If these are survey data:
What was the sampling frame?
What was the sampling design?
When were the data collected by whom under whose auspices?
What was the response rate? Is one of the standardized AAPOR response rates reported? http://www.aapor.org/Response_Rates_An_Overview1.htm
Give the original wording of questions and the response categories.
Explain for each specific variable: what is it and how does it work?
If you are doing multivariate work, there may be a large number of side issues that need to be discussed in this section: skewness of variables, data transforms done if needed, missing data, checks on multicollinearity, and the like.

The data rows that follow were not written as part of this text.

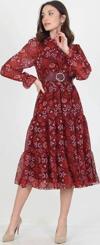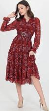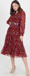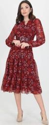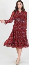Ürün Adı: Dipmoda kadın kemerli yakası bağlama detaylı desenli astarlı şifon elbise RSSN02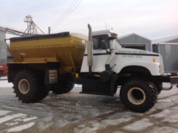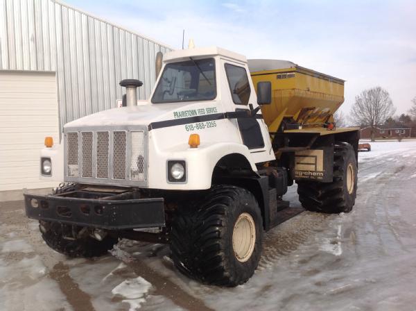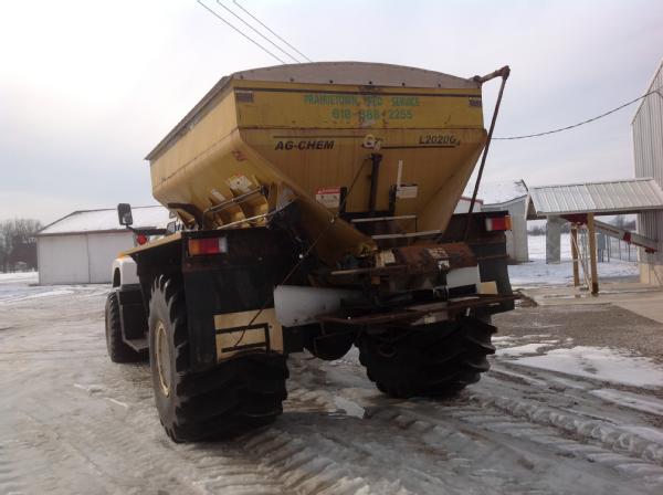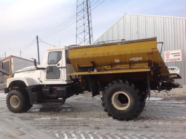 1997 IHC Silver Wheels Center Ride, Cat diesel engine (500 hrs on engine overhaul with documentation), air conditioning, heat, Am/Fm radio, 2006 New Leader 2020 G4 dry spreader box, all hydraulic, New radiator in 2012, 85% front tires, 60% rear tires, Raven Viper Pro monitor, light bar, shows 6400 hours.
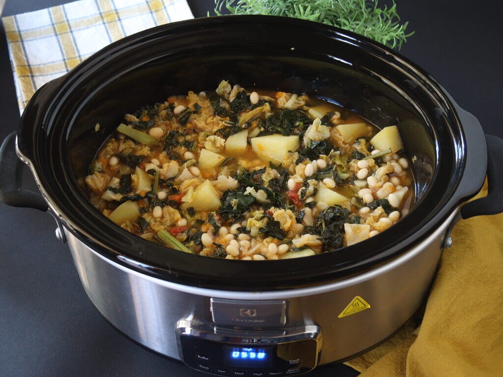 Ribollita en Slow Cooker para un sabor diría único, las verduras cocidas con el método de baja temperatura y cocción lenta adquieren un sabor antiguo como el que preparaban las abuelas, las sopas en cazuelas de barro cocinándolas con el fuego de la chimenea y durante toda la tarde hasta la cena. Ya había preparado previamente la Ribollita toscana, buenísima y laboriosa, siempre vale la pena comprometerse una mañana entera para prepararla, pero debo decir que esta la ha superado con creces por su sabor.

Every methods section in an empirical paper should reference a table that includes, for each variable included in the analyses, descriptive information, starting with the outcome. Ideally for each variable the reader can see at a glance for continuous variables:
* n of cases
* standard deviation
For binary or mulitnomial variables the table explains what each category in the variable means, what the corresponding numerical code was, and the n and percent in each category.

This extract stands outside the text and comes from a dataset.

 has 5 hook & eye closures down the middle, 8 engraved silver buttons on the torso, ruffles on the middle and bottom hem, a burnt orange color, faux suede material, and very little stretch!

Such a table is absolutely essential for helping the reader understand what you ared doing.
Additional Comments for Graduate Students Doing Stat 2 Papers
You will want to either summarize in your own words, or quote directly from the primary source material, a description of the data collection procedures. People need to be able to understand: what was the sampling frame?; what was the sampling strategy?; what was the response rate?; how was the survey conducted -- telephone or in person for example?; what kinds of sections were there in the survey?
If there are any special analytical things you did before you got started with the analyses, either in terms of missing values, or special recoding, tell the reader about those
If you have developed an index, tell the reader about each item that went into each index. Tell him/her about Cronbach's alpha. Be as specific as you can about how the index was constructed.
If you are using the crime data, be absolutely clear about the time period covered, the offense in question, and the rate.
Your table needs to be a formatted, word processed document, not just a bunch of patched together spss printout. Each table needs to be totally self sufficient - each variable is clearly and fully explained.
Be sure you can clearly explain the weighting variable; you also might want to report on the range of weights applied.
You want to provide the reader with a rationale for the
analyses you use - what are the reasons that hlm is being used here, and why
is it better than another approach - do not need a lot here, just a short
Walk the reader through your results. Be specific but not tedious. Tell the reader what is significant, which direction impacts are going, and help the reader interpret these impacts. For example: "The difference between white and nonwhite respondents on the sense of community index, after controlling for other predictors, was .5, with whites reporting significantly weaker sense of community. This contradicts previous literature but aligns with the neighborhood changes taking place in this part of the city during the survey period."
When you are discussing a specific table, tell the reader in the text which table the results can be found in.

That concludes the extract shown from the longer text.